Robert Mushkatblat / RobertM
I found LessWrong through HPMOR in 2012, briefly interned at MIRI in 2013 (which didn’t accomplish much except convince me to not enter academia as a post-grad, which was good), and started attending meetups in Los Angeles shortly thereafter. In 2017 I took over running those meetups. In 2022 Eliezer posted MIRI announces new “Death With Dignity” strategy, which was the sharp poke I needed to go do something about the whole x-risk thing.

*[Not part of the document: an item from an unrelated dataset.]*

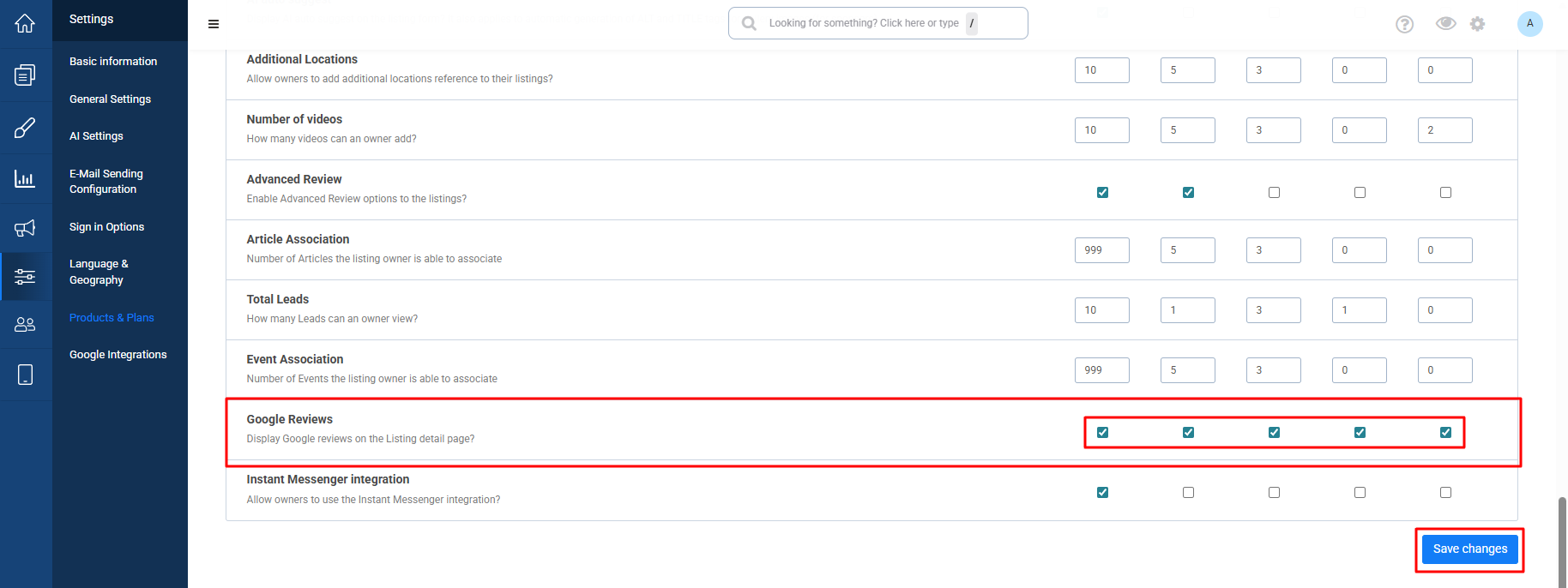 Google Reviews availability is defined at the product (pricing plan) level. This means each plan can independently have the feature enabled or disabled.

By trade, I’m a software engineer. I’m responsible for technical leadership at LessWrong.
Raymond Arnold / Raemon
I’ve been a LessWrong organizer since 2011, with roughly equal focus on the cultural, practical and intellectual aspects of the community. My first project was creating the Secular Solstice and helping groups across the world run their own version of it. More recently I’ve been interested in improving my own epistemic standards and helping others to do so as well.
I guess also I code? I worked at Spotify. Now I don’t.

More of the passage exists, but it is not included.